***** SUPPLIED MATERIAL *****

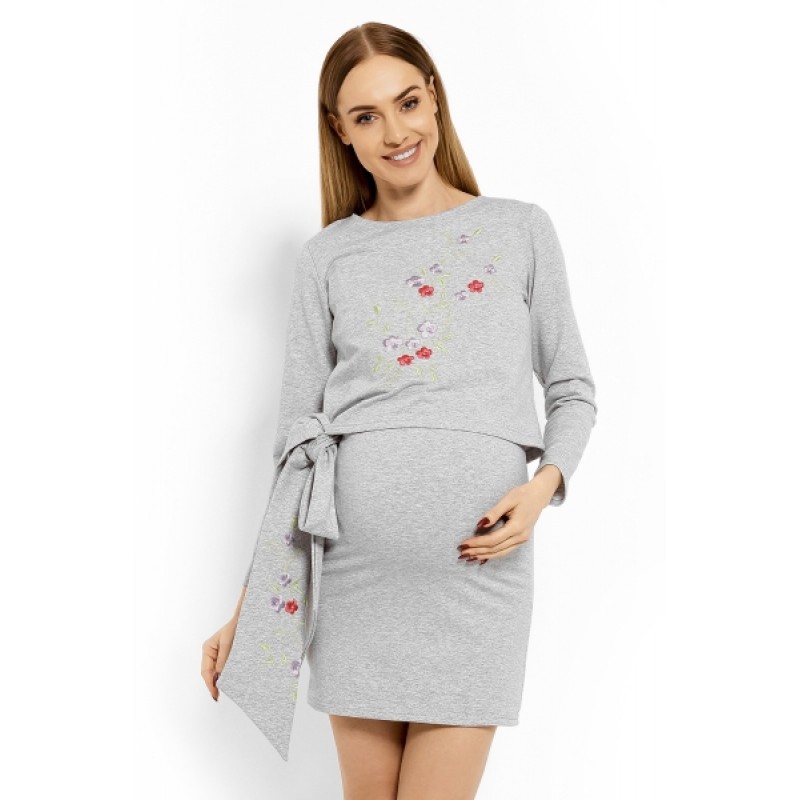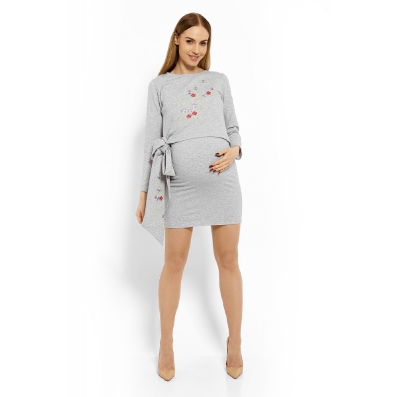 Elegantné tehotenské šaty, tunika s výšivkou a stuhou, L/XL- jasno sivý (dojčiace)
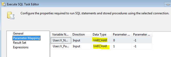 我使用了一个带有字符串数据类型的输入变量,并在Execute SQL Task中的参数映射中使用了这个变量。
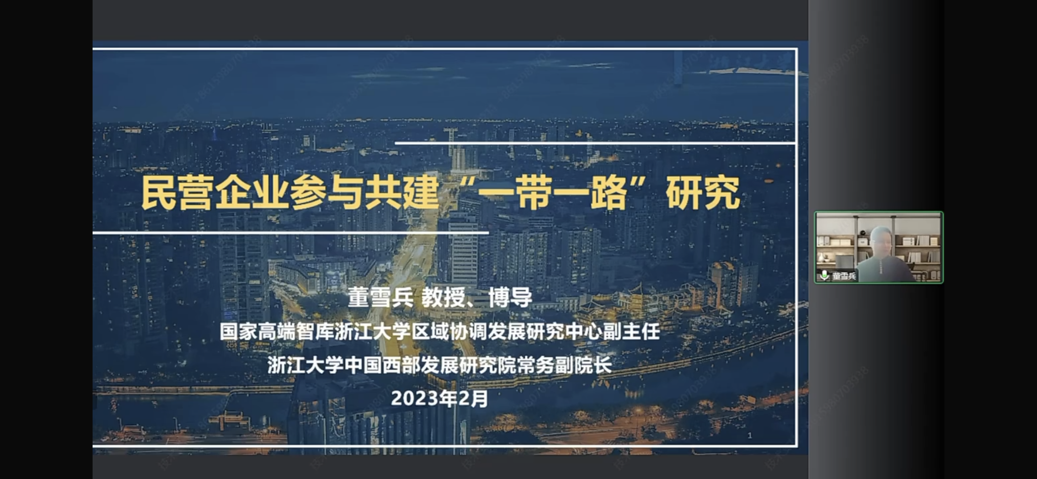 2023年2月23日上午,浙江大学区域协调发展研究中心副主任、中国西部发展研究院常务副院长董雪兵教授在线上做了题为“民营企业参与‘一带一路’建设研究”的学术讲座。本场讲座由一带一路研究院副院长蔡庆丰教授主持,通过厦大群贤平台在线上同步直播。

*****

• **TASK DESCRIPTION**:
Would you print the whole listing exactly, omitting the pictures?

• **ANSWER TO THIS PROBLEM**:
 Elegantné tehotenské šaty, tunika s výšivkou a stuhou, L/XL- jasno sivý (dojčiace)
 我使用了一个带有字符串数据类型的输入变量,并在Execute SQL Task中的参数映射中使用了这个变量。
 2023年2月23日上午,浙江大学区域协调发展研究中心副主任、中国西部发展研究院常务副院长董雪兵教授在线上做了题为“民营企业参与‘一带一路’建设研究”的学术讲座。本场讲座由一带一路研究院副院长蔡庆丰教授主持,通过厦大群贤平台在线上同步直播。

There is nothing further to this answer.